Problem description: Print the whole listing again exactly, keeping no pictures in it.

Extracted information:
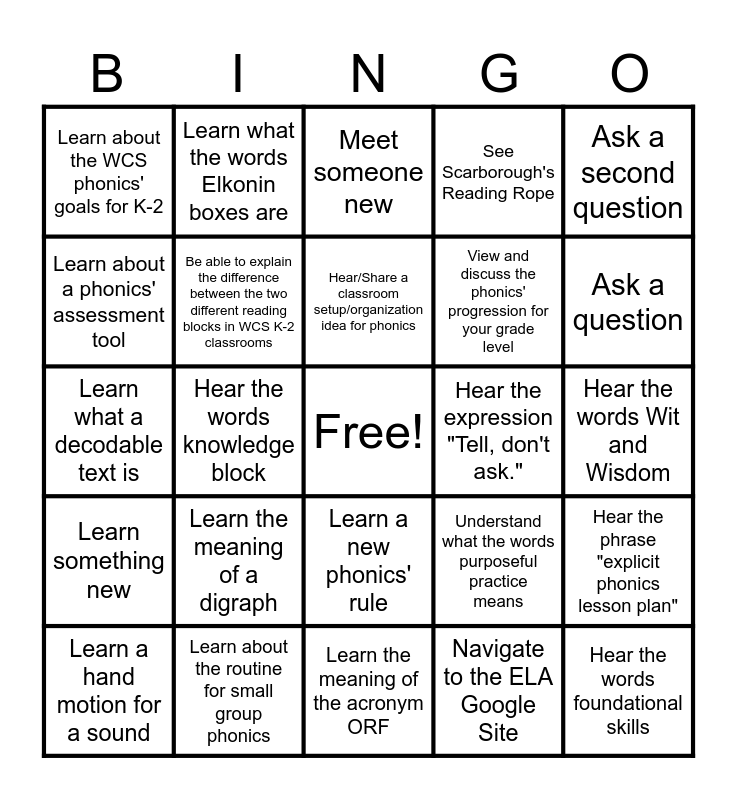 This bingo card has a free space and 24 words: Learn the meaning of a digraph, Learn about the routine for small group phonics, Hear/Share a classroom setup/organization idea for phonics, Learn a hand motion for a sound, Ask a second question, Learn about the WCS phonics' goals for K-2, Learn about a phonics' assessment tool, Learn what the words Elkonin boxes are, Hear the expression "Tell, don't ask.", Learn a new phonics' rule, View and discuss the phonics' progression for your grade level, Learn what a decodable text is, Understand what the words purposeful practice means, Hear the phrase "explicit phonics lesson plan", Be able to explain the difference between the two different reading blocks in WCS K-2 classrooms, Navigate to the ELA Google Site, Hear the words Wit and Wisdom, Meet someone new, Ask a question, Hear the words knowledge block, Hear the words foundational skills, Learn something new, See Scarborough's Reading Rope and Learn the meaning of the acronym ORF.
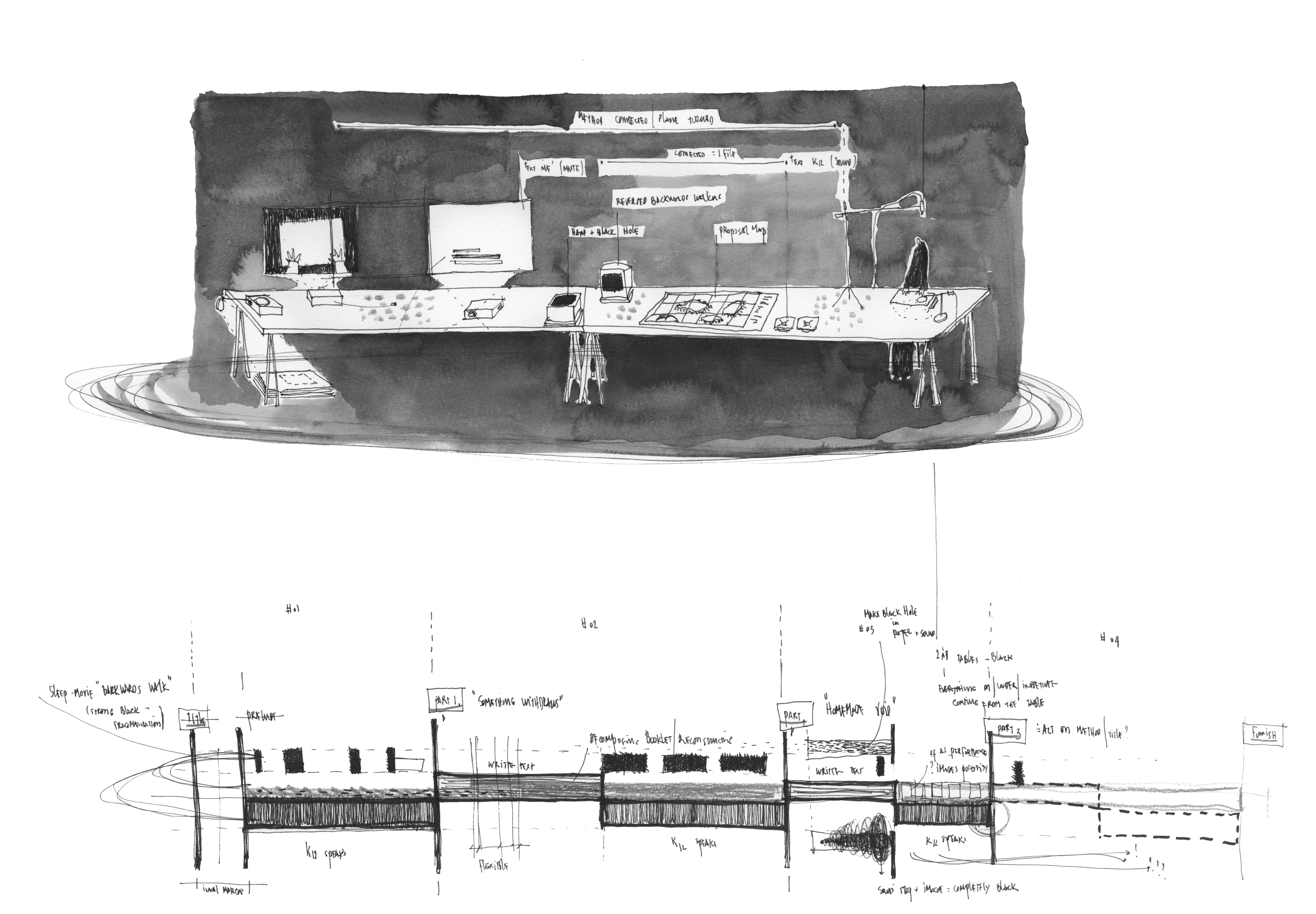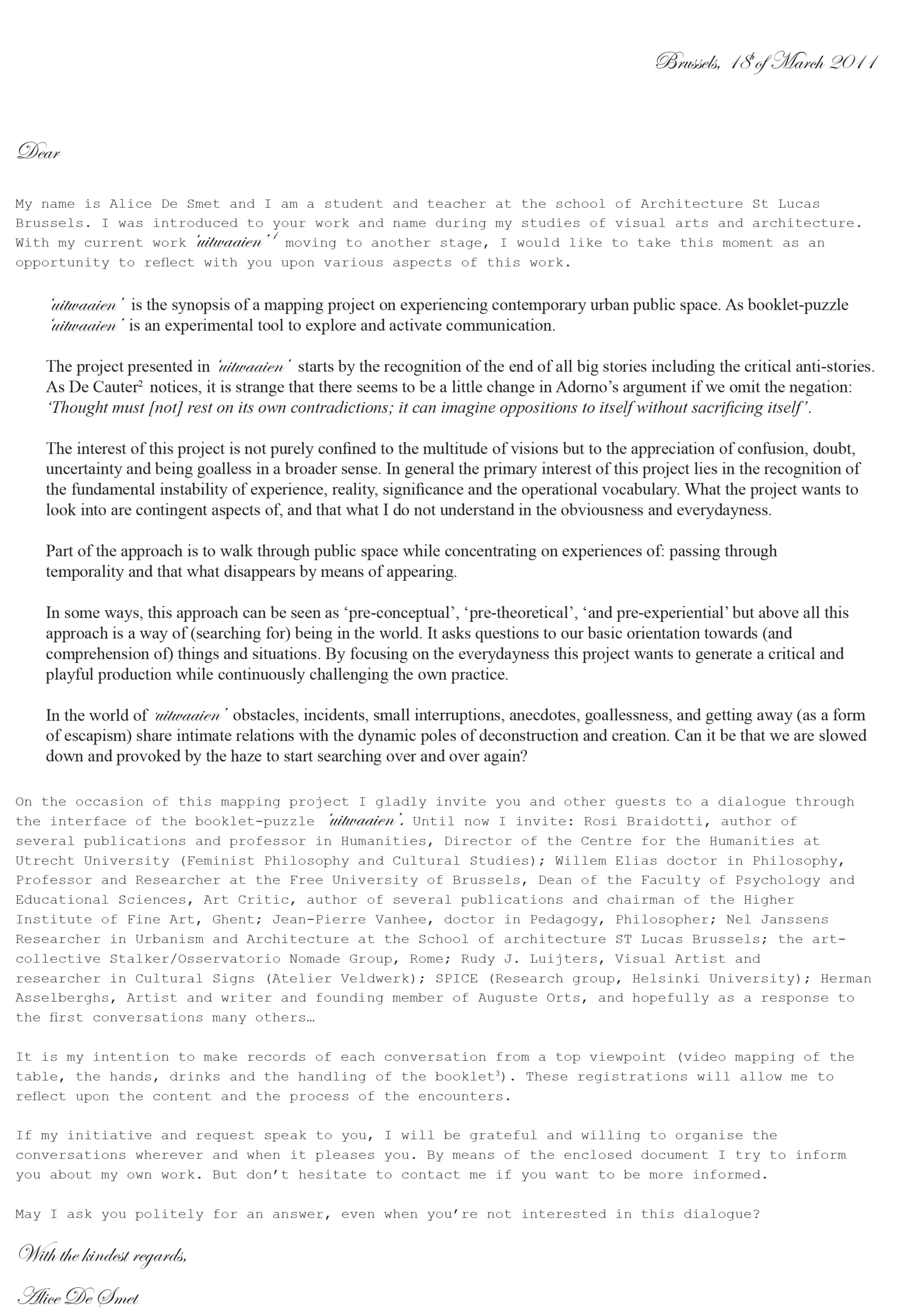 ‘Gatherings’ are the second level of operation of the doctoral study ‘Architecting Bodies by Immersive Gestures’. The first level of operation is called ‘responsive walking’ and is of direct embodied immersion of the author/learner’s bodymind while looking for the mess in urban environments and adopting a micro-perspective by means of walking and embodied creation. The second level departs from the assumption that embodied immersions in mess by responsive walking are desettling and urge sense-making. By creating video-assemblages, performance-lectures and conversation pieces processes of embodied sense-making are explored. Thereby, the challenge is to avoid the pitfalls of quick dichotomic, hierarchic and disembodied understandings of bodymindly engaging with the environment. To resist slipping into these categories – that are so readily present when sense-making is discursively elaborated – the notion of ‘pregnantness’ and the notion of a ‘propelling hypothesis’ are proposed. The former is a bodymind state that allows to imaginatively presence not-yet and becoming significances of embodied engagements with environments. The latter is an operative design instrument that allows the responsive shifts in hypothesis to become the very mechanism of a form-giving practice that reflects whimsicalities and contingencies. In order to work towards ‘pregnantness’ and follow the ‘propelling hypothesis’, gatherings interweave autobiographical, fictional and referential voices (i.e. the work of others) through one another. Also different media (i.e. body, drawing, writing, photo, video, sound, animation, modelling), low-tech assembling and analogue-poetic thinking are put into action to bring more sensory, ephemeral, affective and imaginative aspects of bodymindly relating to the environment into account.
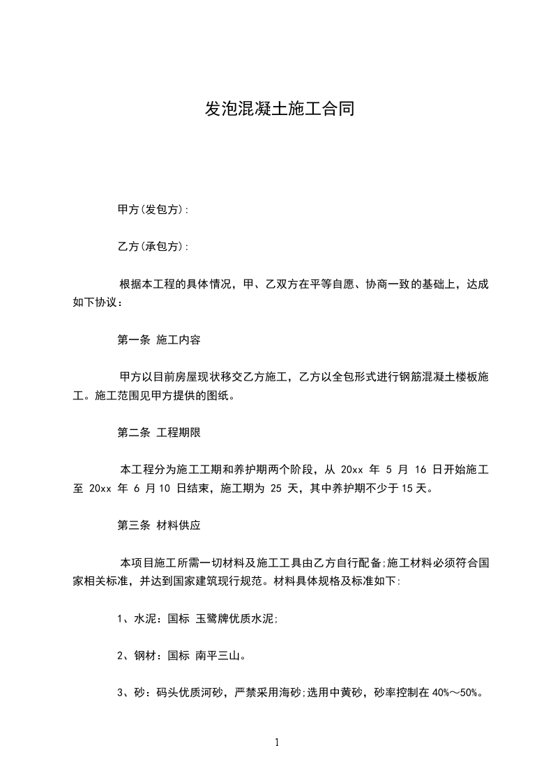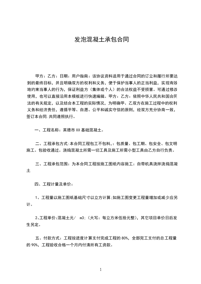 2、工程单价:混凝土元/m3;(大写:每立方米伍拾元整),其它项目单价日后发生另定。
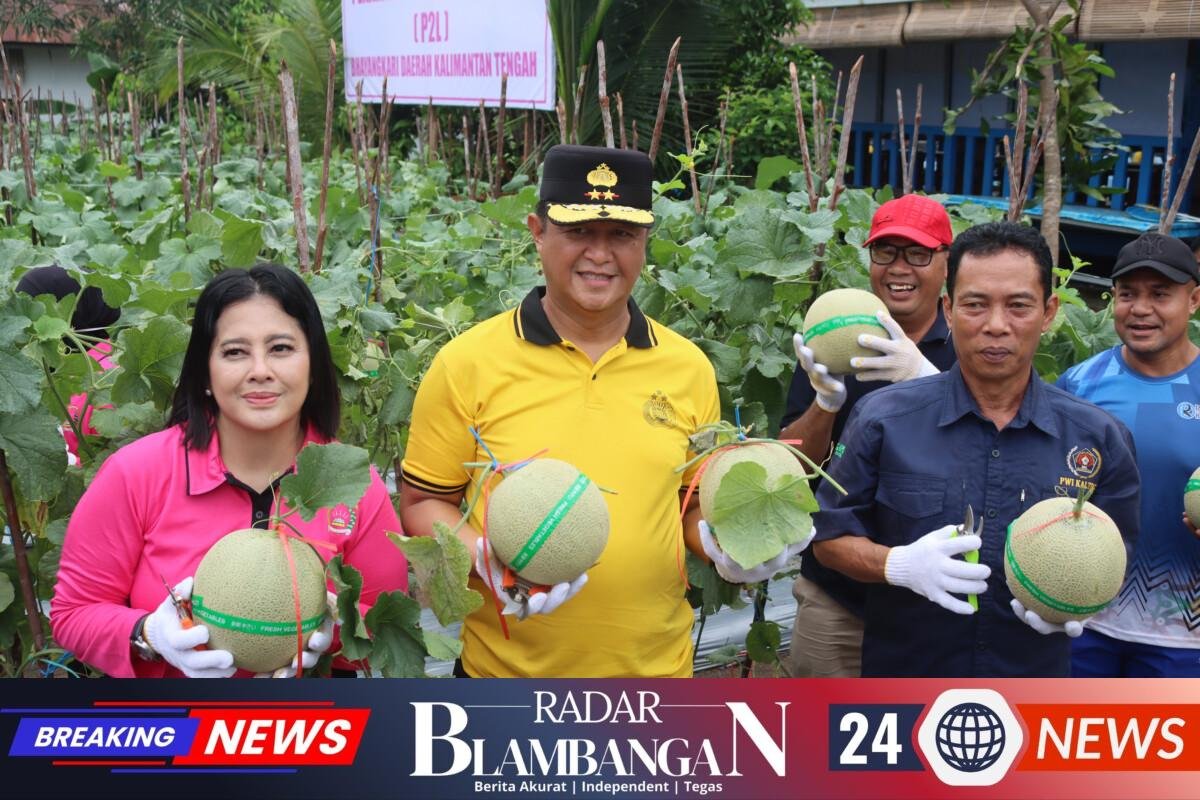 RADAR BLAMBANGAN.COM, | Palangka Raya – Kapolda Kalimantan Tengah (Kalteng) Irjen Pol Iwan Kurniawan, S.I.K., M.Si. bersama Ketua Bhayangkari Kalteng Ny. Maya Iwan Kurniawan, melaksanakan panen buah melon di lahan Pekarangan Pangan Lestari (P2L), Mapolda setempat, Jumat (6/2/2026).
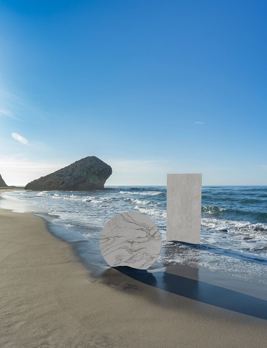 Le travail de Patternity fait surtout la part belle aux éléments naturels. Se profilant résolument comme un studio créatif durable, ses fondatrices ont immédiatement su quel élément choisir comme fer de lance de leur collaboration avec Dekton®. Pour le duo londonien, Liquid est l’expression ultime du naturel : des lignes fluides et dynamiques, inspirées de l’eau dans toutes ses formes et tous ses états. L’un des motifs reflète l’océan, l’autre se greffe aux courbes sinueuses du liquide, et le troisième puise dans la science et l’alchimie. Résultat : 3 motifs subtilement marbrés, entre blanc nacré et noir profond.
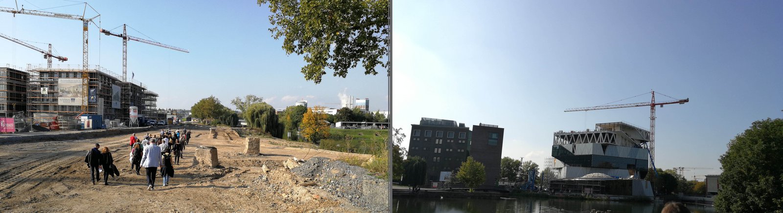 Den Auftakt zum Kongress bildeten bereits am Vortag geführte Rundgänge über das Baufeld der Bundesgartenschau Heilbronn 2019 und der sogenannten Stadtausstellung, die sich zentral auf dem Buga-Gelände befindet. Eine Besonderheit, denn diese Buga ist keine reine Gartenausstellung, sondern integriert zugleich ein Stadtentwicklungsprojekt. Diese Konstellation zog eine Vielzahl von Landschaftsarchitekten, Stadtplanerinnen und Architekten an, nicht nur um einen ersten Eindruck und Überblick über den Status des Baugeschehens zu gewinnen. Es lag auch besonderes Interesse darin, zu erfahren, wie der gesamte Prozess in dieser Form initiiert wurde und innerhalb von Stadtverwaltung, Planungsteam, Vertreter der Buga-Gesellschaft und unter Einbezug der Bevölkerung der Stadt funktioniert. Kompetente Zweiergespanne aus Stadtverwaltung und Buga-Planungsteam übernahmen die dreistündigen Führungen der Kleingruppen und gaben Einblick hinter die Kulissen. Nach kurzer Begrüßung durch Hanspeter Faas, Geschäftsführer der Bundesgartenschau Heilbronn 2019, und Peter Reinhardt, Geschäftsführer des Instituts Fortbildung Bau der AKBW als Mitveranstalter, starteten die Rundgänge. Am Abend bereicherte der Vortrag von Architekt Matthias Sauerbruch die Einstimmung auf den folgenden Kongresstag. Er gab einen Zwischenbericht über den Status zum Bau der Lernlandschaft Experimenta II im Kontext von Funktion und Form ab, dem das Plenum im voll besetzten Universum Kino gespannt folgte.

Completed task:
 This bingo card has a free space and 24 words: Learn the meaning of a digraph, Learn about the routine for small group phonics, Hear/Share a classroom setup/organization idea for phonics, Learn a hand motion for a sound, Ask a second question, Learn about the WCS phonics' goals for K-2, Learn about a phonics' assessment tool, Learn what the words Elkonin boxes are, Hear the expression "Tell, don't ask.", Learn a new phonics' rule, View and discuss the phonics' progression for your grade level, Learn what a decodable text is, Understand what the words purposeful practice means, Hear the phrase "explicit phonics lesson plan", Be able to explain the difference between the two different reading blocks in WCS K-2 classrooms, Navigate to the ELA Google Site, Hear the words Wit and Wisdom, Meet someone new, Ask a question, Hear the words knowledge block, Hear the words foundational skills, Learn something new, See Scarborough's Reading Rope and Learn the meaning of the acronym ORF.
 ‘Gatherings’ are the second level of operation of the doctoral study ‘Architecting Bodies by Immersive Gestures’. The first level of operation is called ‘responsive walking’ and is of direct embodied immersion of the author/learner’s bodymind while looking for the mess in urban environments and adopting a micro-perspective by means of walking and embodied creation. The second level departs from the assumption that embodied immersions in mess by responsive walking are desettling and urge sense-making. By creating video-assemblages, performance-lectures and conversation pieces processes of embodied sense-making are explored. Thereby, the challenge is to avoid the pitfalls of quick dichotomic, hierarchic and disembodied understandings of bodymindly engaging with the environment. To resist slipping into these categories – that are so readily present when sense-making is discursively elaborated – the notion of ‘pregnantness’ and the notion of a ‘propelling hypothesis’ are proposed. The former is a bodymind state that allows to imaginatively presence not-yet and becoming significances of embodied engagements with environments. The latter is an operative design instrument that allows the responsive shifts in hypothesis to become the very mechanism of a form-giving practice that reflects whimsicalities and contingencies. In order to work towards ‘pregnantness’ and follow the ‘propelling hypothesis’, gatherings interweave autobiographical, fictional and referential voices (i.e. the work of others) through one another. Also different media (i.e. body, drawing, writing, photo, video, sound, animation, modelling), low-tech assembling and analogue-poetic thinking are put into action to bring more sensory, ephemeral, affective and imaginative aspects of bodymindly relating to the environment into account.
 2、工程单价:混凝土元/m3;(大写:每立方米伍拾元整),其它项目单价日后发生另定。
 RADAR BLAMBANGAN.COM, | Palangka Raya – Kapolda Kalimantan Tengah (Kalteng) Irjen Pol Iwan Kurniawan, S.I.K., M.Si. bersama Ketua Bhayangkari Kalteng Ny. Maya Iwan Kurniawan, melaksanakan panen buah melon di lahan Pekarangan Pangan Lestari (P2L), Mapolda setempat, Jumat (6/2/2026).
 Le travail de Patternity fait surtout la part belle aux éléments naturels. Se profilant résolument comme un studio créatif durable, ses fondatrices ont immédiatement su quel élément choisir comme fer de lance de leur collaboration avec Dekton®. Pour le duo londonien, Liquid est l’expression ultime du naturel : des lignes fluides et dynamiques, inspirées de l’eau dans toutes ses formes et tous ses états. L’un des motifs reflète l’océan, l’autre se greffe aux courbes sinueuses du liquide, et le troisième puise dans la science et l’alchimie. Résultat : 3 motifs subtilement marbrés, entre blanc nacré et noir profond.
 Den Auftakt zum Kongress bildeten bereits am Vortag geführte Rundgänge über das Baufeld der Bundesgartenschau Heilbronn 2019 und der sogenannten Stadtausstellung, die sich zentral auf dem Buga-Gelände befindet. Eine Besonderheit, denn diese Buga ist keine reine Gartenausstellung, sondern integriert zugleich ein Stadtentwicklungsprojekt. Diese Konstellation zog eine Vielzahl von Landschaftsarchitekten, Stadtplanerinnen und Architekten an, nicht nur um einen ersten Eindruck und Überblick über den Status des Baugeschehens zu gewinnen. Es lag auch besonderes Interesse darin, zu erfahren, wie der gesamte Prozess in dieser Form initiiert wurde und innerhalb von Stadtverwaltung, Planungsteam, Vertreter der Buga-Gesellschaft und unter Einbezug der Bevölkerung der Stadt funktioniert. Kompetente Zweiergespanne aus Stadtverwaltung und Buga-Planungsteam übernahmen die dreistündigen Führungen der Kleingruppen und gaben Einblick hinter die Kulissen. Nach kurzer Begrüßung durch Hanspeter Faas, Geschäftsführer der Bundesgartenschau Heilbronn 2019, und Peter Reinhardt, Geschäftsführer des Instituts Fortbildung Bau der AKBW als Mitveranstalter, starteten die Rundgänge. Am Abend bereicherte der Vortrag von Architekt Matthias Sauerbruch die Einstimmung auf den folgenden Kongresstag. Er gab einen Zwischenbericht über den Status zum Bau der Lernlandschaft Experimenta II im Kontext von Funktion und Form ab, dem das Plenum im voll besetzten Universum Kino gespannt folgte.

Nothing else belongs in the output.